ACTION ITEM -
What is needed is a faithful transcription of all the data below, pictures excluded.

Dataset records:

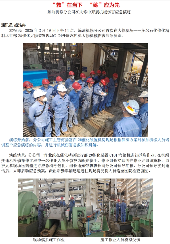 煉油機(jī)修分公司在大修中開(kāi)展機(jī)械傷害應(yīng)急演練
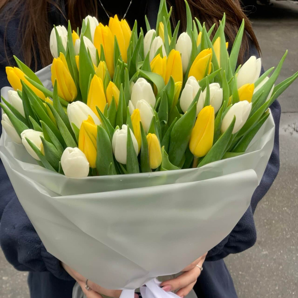 15 або 25 білих та жовтих тюльпанів — це легкий, світлий букет, який дарує гарний настрій і теплі емоції.
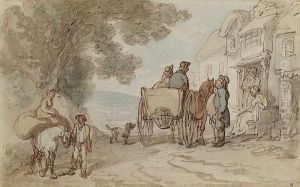 Villagers Merrymaking By A Tavern With Moored Shipping In A Harbour
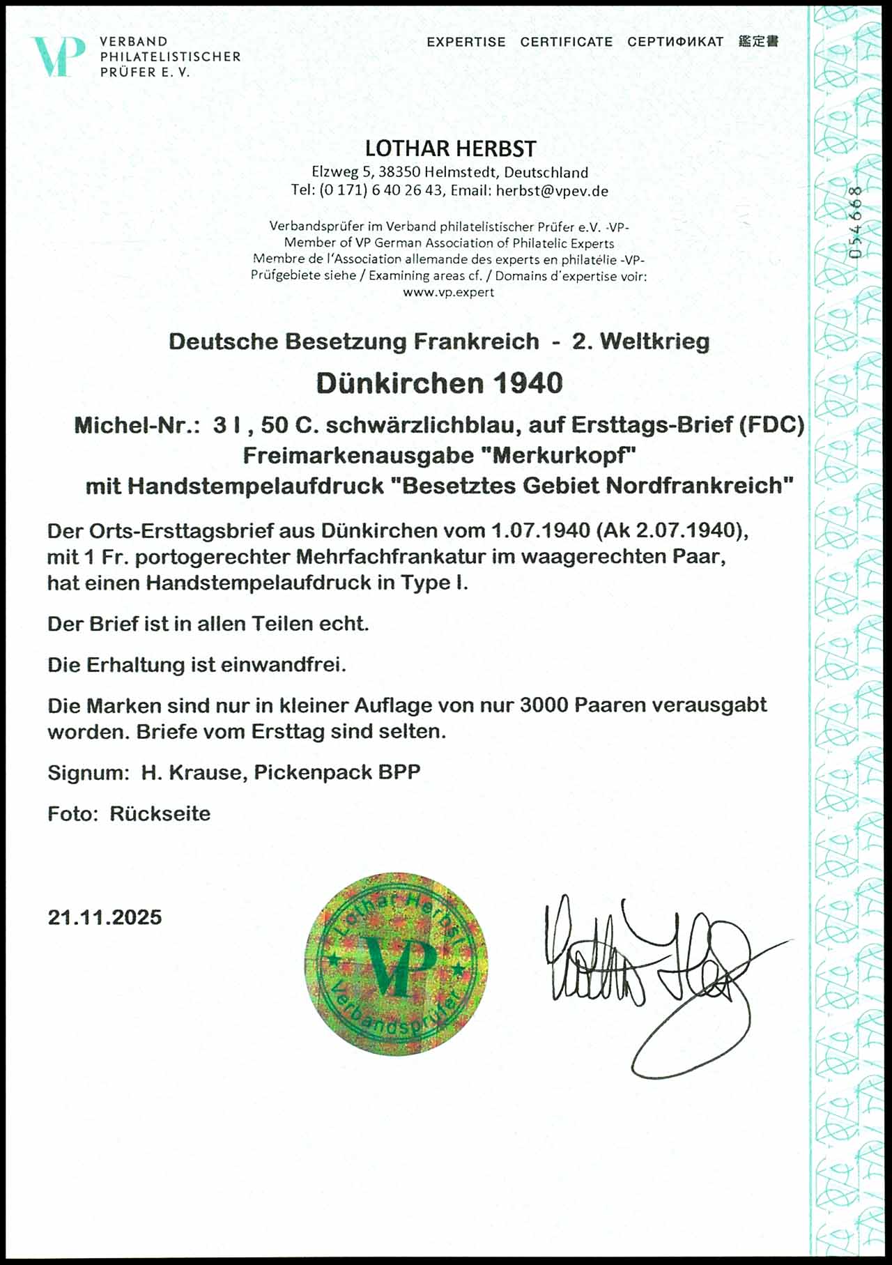 50 C. Freimarke "Merkurkopf" mit Aufdruck "Besetztes Gebiet Nordfrankreich" in Type I, portogerechte Frankatur auf Orts-Brief von "Dunkerque 1 7 40" (Ersttag) mit rückseitigem Ankunftsstempel vom 2.7.1940, tadellose Erhaltung, geprüft H. Krause, Pickenpack BPP und Expertise Lothar Herbst VP (2025) "Die Erhaltung ist einwandfrei.", Mi. 600.-
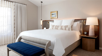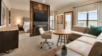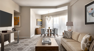 Functional layouts elevate the Fairmont Gold Junior Suites, each equipped with a wall divider separating the living and bedroom into two defined spaces with 60" HDTVs on each side. Luxuries abound, with upgraded patio furniture on private balconies, travertine and granite-appointed bathrooms, an in-room mini-fridge, upgraded linens, a Nespresso coffee maker, upgraded plush robes and more. Suites are located in an enclave on the Southeast corner of the resort and include complimentary spa access and exclusive lounge access, providing breakfast and afternoon appetizers daily, private concierge service and complimentary soft drinks.
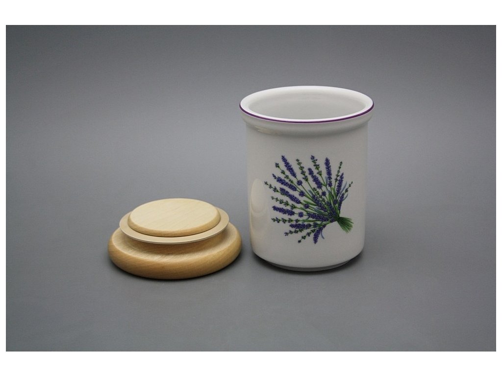 Praktische mittlere Dose mit Holzdeckel, gefertigt aus böhmischem Markenporzellan von höchster Qualität. Spülmaschinenfest!!!
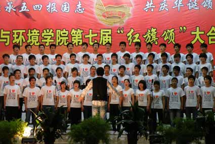 負(fù)責(zé)指導(dǎo)“紅歌”大合唱比賽的老師告訴記者:這次安徽理工大學(xué)地環(huán)學(xué)院第七屆“紅旗頌”紅歌比賽全部是由學(xué)生自己組織的,通過(guò)唱響紅歌,學(xué)生們表達(dá)了向即將到來(lái)的建黨90周年的祝福,這個(gè)活動(dòng)增強(qiáng)了學(xué)生之間的凝聚力。
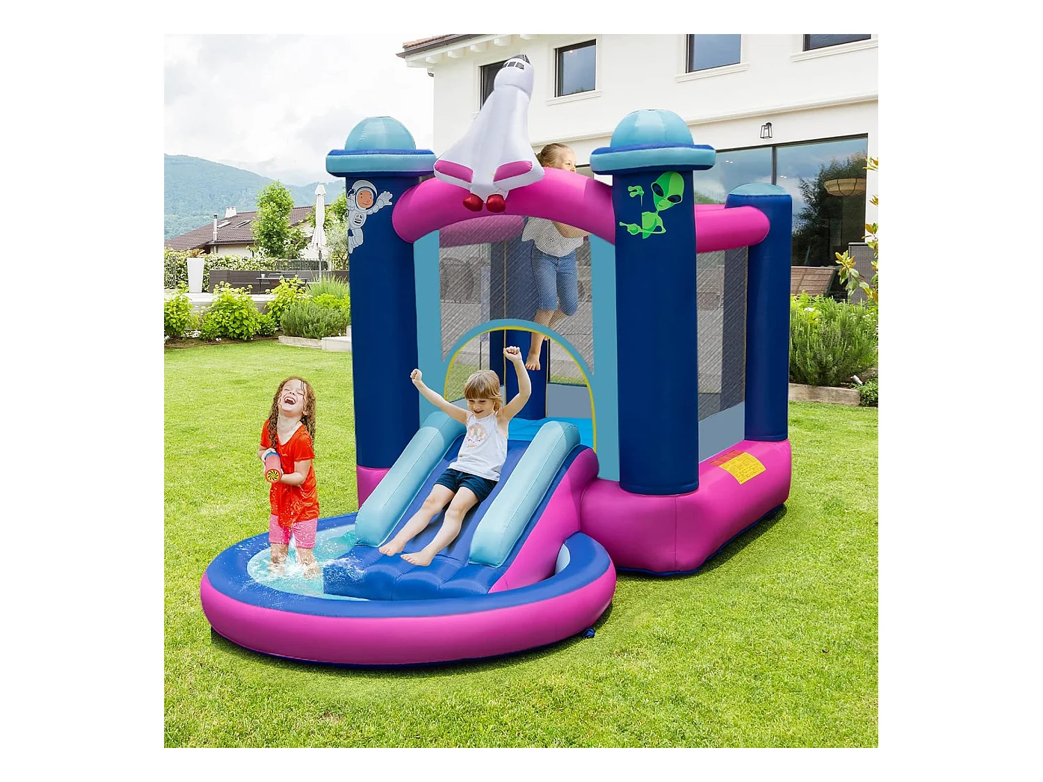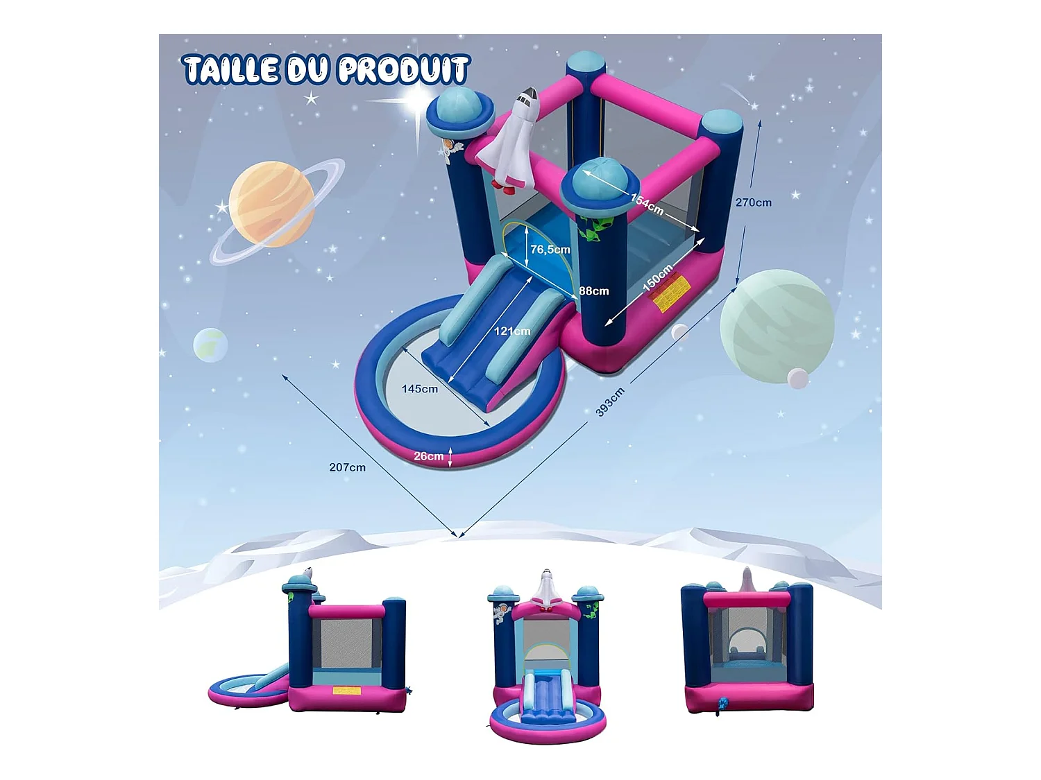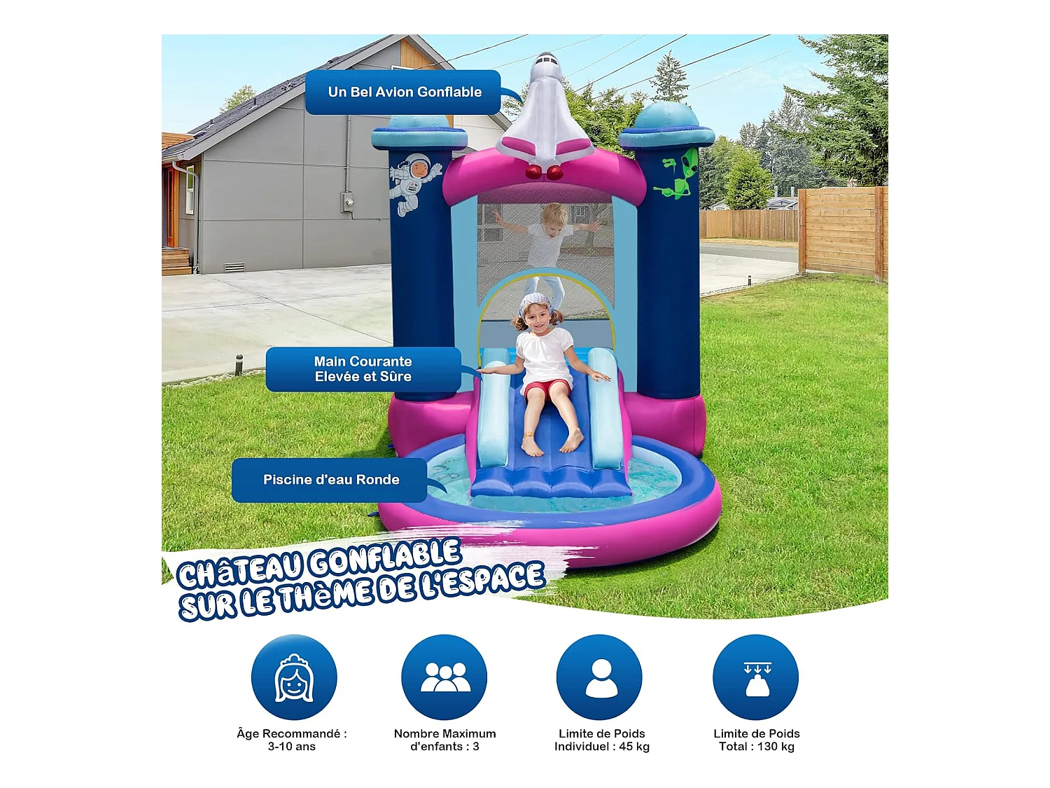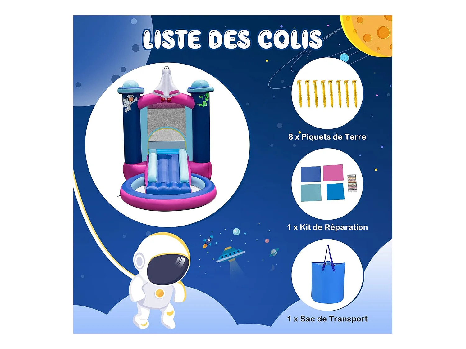 Toboggan Aquatique Gonflable Thème de l'espace avec Piscine à Eclaboussures Toboggan Portable,Sac de Transport et Piquets(sans Gonfleur)

RESULT FOR THIS TASK -
 煉油機(jī)修分公司在大修中開(kāi)展機(jī)械傷害應(yīng)急演練
 15 або 25 білих та жовтих тюльпанів — це легкий, світлий букет, який дарує гарний настрій і теплі емоції.
 Villagers Merrymaking By A Tavern With Moored Shipping In A Harbour
 50 C. Freimarke "Merkurkopf" mit Aufdruck "Besetztes Gebiet Nordfrankreich" in Type I, portogerechte Frankatur auf Orts-Brief von "Dunkerque 1 7 40" (Ersttag) mit rückseitigem Ankunftsstempel vom 2.7.1940, tadellose Erhaltung, geprüft H. Krause, Pickenpack BPP und Expertise Lothar Herbst VP (2025) "Die Erhaltung ist einwandfrei.", Mi. 600.-
 Functional layouts elevate the Fairmont Gold Junior Suites, each equipped with a wall divider separating the living and bedroom into two defined spaces with 60" HDTVs on each side. Luxuries abound, with upgraded patio furniture on private balconies, travertine and granite-appointed bathrooms, an in-room mini-fridge, upgraded linens, a Nespresso coffee maker, upgraded plush robes and more. Suites are located in an enclave on the Southeast corner of the resort and include complimentary spa access and exclusive lounge access, providing breakfast and afternoon appetizers daily, private concierge service and complimentary soft drinks.
 Praktische mittlere Dose mit Holzdeckel, gefertigt aus böhmischem Markenporzellan von höchster Qualität. Spülmaschinenfest!!!
 負(fù)責(zé)指導(dǎo)“紅歌”大合唱比賽的老師告訴記者:這次安徽理工大學(xué)地環(huán)學(xué)院第七屆“紅旗頌”紅歌比賽全部是由學(xué)生自己組織的,通過(guò)唱響紅歌,學(xué)生們表達(dá)了向即將到來(lái)的建黨90周年的祝福,這個(gè)活動(dòng)增強(qiáng)了學(xué)生之間的凝聚力。
 Toboggan Aquatique Gonflable Thème de l'espace avec Piscine à Eclaboussures Toboggan Portable,Sac de Transport et Piquets(sans Gonfleur)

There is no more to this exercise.